◆ **Raw data**
>>>>
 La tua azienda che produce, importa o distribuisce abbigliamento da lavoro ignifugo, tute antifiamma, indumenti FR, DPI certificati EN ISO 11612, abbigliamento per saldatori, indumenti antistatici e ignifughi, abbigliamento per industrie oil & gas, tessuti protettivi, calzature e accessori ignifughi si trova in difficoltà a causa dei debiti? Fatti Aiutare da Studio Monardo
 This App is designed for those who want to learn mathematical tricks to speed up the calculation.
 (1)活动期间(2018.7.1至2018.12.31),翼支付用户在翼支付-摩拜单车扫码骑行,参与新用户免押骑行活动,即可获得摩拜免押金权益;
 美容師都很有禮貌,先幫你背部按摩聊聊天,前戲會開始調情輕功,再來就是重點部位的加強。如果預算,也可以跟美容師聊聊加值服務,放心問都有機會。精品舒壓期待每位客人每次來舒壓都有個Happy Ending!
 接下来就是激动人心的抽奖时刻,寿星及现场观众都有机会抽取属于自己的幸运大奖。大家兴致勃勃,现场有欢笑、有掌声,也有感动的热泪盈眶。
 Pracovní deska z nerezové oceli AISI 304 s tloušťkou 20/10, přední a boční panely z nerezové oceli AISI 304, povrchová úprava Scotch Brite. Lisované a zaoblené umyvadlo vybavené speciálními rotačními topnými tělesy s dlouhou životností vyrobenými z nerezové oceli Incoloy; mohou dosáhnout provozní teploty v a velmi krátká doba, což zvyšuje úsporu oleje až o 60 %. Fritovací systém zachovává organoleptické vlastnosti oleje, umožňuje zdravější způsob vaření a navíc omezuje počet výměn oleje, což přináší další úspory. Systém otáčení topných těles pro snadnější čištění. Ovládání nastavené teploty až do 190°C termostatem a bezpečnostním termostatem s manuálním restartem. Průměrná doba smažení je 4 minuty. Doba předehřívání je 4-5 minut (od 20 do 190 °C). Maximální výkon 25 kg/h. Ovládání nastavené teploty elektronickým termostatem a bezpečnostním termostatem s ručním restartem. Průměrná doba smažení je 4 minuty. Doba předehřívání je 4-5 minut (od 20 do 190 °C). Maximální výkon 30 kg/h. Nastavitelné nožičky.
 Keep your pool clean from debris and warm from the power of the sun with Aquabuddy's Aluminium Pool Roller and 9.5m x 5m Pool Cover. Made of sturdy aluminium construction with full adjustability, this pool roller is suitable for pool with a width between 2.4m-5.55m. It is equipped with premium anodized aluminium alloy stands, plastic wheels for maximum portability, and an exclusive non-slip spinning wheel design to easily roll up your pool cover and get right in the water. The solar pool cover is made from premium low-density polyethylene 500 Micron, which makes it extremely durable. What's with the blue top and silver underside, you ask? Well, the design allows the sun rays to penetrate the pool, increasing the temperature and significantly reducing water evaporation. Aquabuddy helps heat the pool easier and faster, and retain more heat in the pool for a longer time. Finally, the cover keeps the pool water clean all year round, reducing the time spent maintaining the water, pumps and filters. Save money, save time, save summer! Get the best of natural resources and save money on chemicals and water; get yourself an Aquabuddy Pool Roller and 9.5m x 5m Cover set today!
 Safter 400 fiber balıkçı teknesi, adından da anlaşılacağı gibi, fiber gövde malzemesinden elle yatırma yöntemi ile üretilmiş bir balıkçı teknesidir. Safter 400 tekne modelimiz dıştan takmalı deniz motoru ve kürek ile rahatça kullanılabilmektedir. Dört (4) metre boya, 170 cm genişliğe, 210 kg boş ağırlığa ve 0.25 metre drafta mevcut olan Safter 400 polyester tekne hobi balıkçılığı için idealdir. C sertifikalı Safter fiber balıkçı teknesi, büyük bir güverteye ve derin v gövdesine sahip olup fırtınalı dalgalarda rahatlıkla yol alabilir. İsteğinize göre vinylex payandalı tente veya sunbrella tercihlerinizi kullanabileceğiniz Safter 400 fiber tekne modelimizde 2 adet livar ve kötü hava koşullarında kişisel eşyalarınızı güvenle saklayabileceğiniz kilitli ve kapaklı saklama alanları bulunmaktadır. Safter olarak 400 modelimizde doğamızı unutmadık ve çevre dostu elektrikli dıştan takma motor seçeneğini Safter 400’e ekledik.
<<<<
>>>>
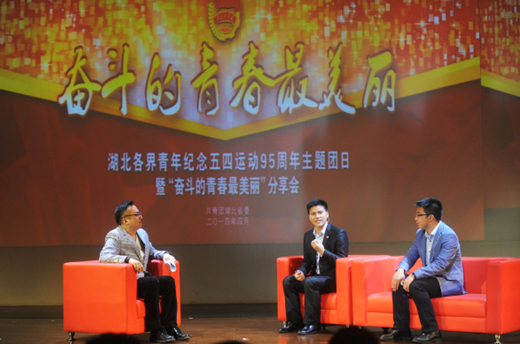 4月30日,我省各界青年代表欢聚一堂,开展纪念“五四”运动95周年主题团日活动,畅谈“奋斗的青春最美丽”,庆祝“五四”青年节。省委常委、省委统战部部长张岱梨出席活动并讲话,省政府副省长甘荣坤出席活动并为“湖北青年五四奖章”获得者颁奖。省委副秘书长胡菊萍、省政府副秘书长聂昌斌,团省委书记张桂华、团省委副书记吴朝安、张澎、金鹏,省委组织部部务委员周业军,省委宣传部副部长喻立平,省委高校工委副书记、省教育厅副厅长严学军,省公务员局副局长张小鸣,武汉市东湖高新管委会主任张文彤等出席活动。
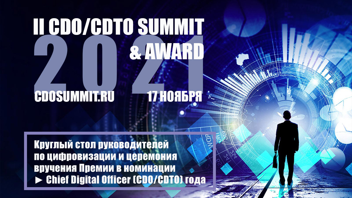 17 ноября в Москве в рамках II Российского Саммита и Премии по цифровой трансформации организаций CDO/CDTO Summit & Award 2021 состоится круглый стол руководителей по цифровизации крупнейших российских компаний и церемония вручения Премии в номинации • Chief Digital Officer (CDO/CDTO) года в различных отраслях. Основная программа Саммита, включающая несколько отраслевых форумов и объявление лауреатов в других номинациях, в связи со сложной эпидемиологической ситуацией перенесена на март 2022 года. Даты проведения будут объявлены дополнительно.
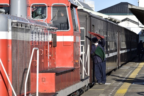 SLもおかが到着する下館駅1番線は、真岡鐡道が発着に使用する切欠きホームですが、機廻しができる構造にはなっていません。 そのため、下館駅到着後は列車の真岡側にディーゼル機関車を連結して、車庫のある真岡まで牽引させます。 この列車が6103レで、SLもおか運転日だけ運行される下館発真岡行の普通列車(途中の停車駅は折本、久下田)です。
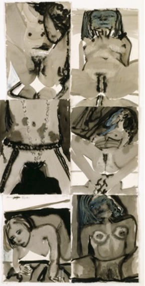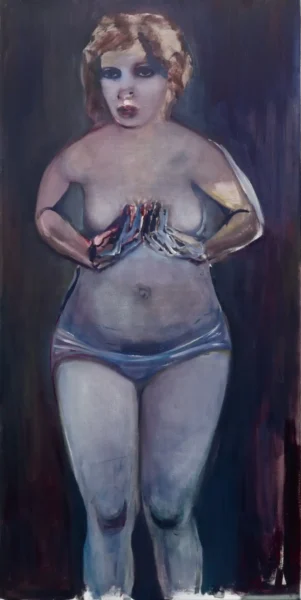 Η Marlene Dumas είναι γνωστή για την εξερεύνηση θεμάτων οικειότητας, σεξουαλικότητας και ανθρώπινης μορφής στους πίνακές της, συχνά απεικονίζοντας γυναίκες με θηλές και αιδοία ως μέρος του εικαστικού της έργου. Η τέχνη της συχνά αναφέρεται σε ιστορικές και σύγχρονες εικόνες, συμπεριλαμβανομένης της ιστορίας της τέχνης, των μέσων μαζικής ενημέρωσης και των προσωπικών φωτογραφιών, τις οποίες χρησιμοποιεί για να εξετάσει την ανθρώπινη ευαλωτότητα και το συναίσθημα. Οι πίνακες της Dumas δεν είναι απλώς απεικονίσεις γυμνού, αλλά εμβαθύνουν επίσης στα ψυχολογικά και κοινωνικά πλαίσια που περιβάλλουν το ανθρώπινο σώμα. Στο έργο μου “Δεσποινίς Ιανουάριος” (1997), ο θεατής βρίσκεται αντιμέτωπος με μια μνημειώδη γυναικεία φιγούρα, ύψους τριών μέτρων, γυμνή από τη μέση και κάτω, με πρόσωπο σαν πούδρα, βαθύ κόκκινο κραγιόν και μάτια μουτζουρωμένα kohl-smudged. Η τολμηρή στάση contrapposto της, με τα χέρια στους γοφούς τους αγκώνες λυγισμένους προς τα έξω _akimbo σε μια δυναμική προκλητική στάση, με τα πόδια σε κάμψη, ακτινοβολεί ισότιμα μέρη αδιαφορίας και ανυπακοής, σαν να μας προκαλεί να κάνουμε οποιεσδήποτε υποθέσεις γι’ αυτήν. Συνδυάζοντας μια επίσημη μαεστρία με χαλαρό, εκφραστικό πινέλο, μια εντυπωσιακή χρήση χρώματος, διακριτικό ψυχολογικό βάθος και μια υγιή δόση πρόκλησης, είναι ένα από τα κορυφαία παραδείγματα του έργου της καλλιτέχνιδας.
<<<<
◆ **Task to carry out**
Retype, exactly and in full, the lines above from the one containing "La tua azienda" through the one containing "Pracovní deska z".

◆ **Expected answer**
 La tua azienda che produce, importa o distribuisce abbigliamento da lavoro ignifugo, tute antifiamma, indumenti FR, DPI certificati EN ISO 11612, abbigliamento per saldatori, indumenti antistatici e ignifughi, abbigliamento per industrie oil & gas, tessuti protettivi, calzature e accessori ignifughi si trova in difficoltà a causa dei debiti? Fatti Aiutare da Studio Monardo
 This App is designed for those who want to learn mathematical tricks to speed up the calculation.
 (1)活动期间(2018.7.1至2018.12.31),翼支付用户在翼支付-摩拜单车扫码骑行,参与新用户免押骑行活动,即可获得摩拜免押金权益;
 美容師都很有禮貌,先幫你背部按摩聊聊天,前戲會開始調情輕功,再來就是重點部位的加強。如果預算,也可以跟美容師聊聊加值服務,放心問都有機會。精品舒壓期待每位客人每次來舒壓都有個Happy Ending!
 接下来就是激动人心的抽奖时刻,寿星及现场观众都有机会抽取属于自己的幸运大奖。大家兴致勃勃,现场有欢笑、有掌声,也有感动的热泪盈眶。
 Pracovní deska z nerezové oceli AISI 304 s tloušťkou 20/10, přední a boční panely z nerezové oceli AISI 304, povrchová úprava Scotch Brite. Lisované a zaoblené umyvadlo vybavené speciálními rotačními topnými tělesy s dlouhou životností vyrobenými z nerezové oceli Incoloy; mohou dosáhnout provozní teploty v a velmi krátká doba, což zvyšuje úsporu oleje až o 60 %. Fritovací systém zachovává organoleptické vlastnosti oleje, umožňuje zdravější způsob vaření a navíc omezuje počet výměn oleje, což přináší další úspory. Systém otáčení topných těles pro snadnější čištění. Ovládání nastavené teploty až do 190°C termostatem a bezpečnostním termostatem s manuálním restartem. Průměrná doba smažení je 4 minuty. Doba předehřívání je 4-5 minut (od 20 do 190 °C). Maximální výkon 25 kg/h. Ovládání nastavené teploty elektronickým termostatem a bezpečnostním termostatem s ručním restartem. Průměrná doba smažení je 4 minuty. Doba předehřívání je 4-5 minut (od 20 do 190 °C). Maximální výkon 30 kg/h. Nastavitelné nožičky.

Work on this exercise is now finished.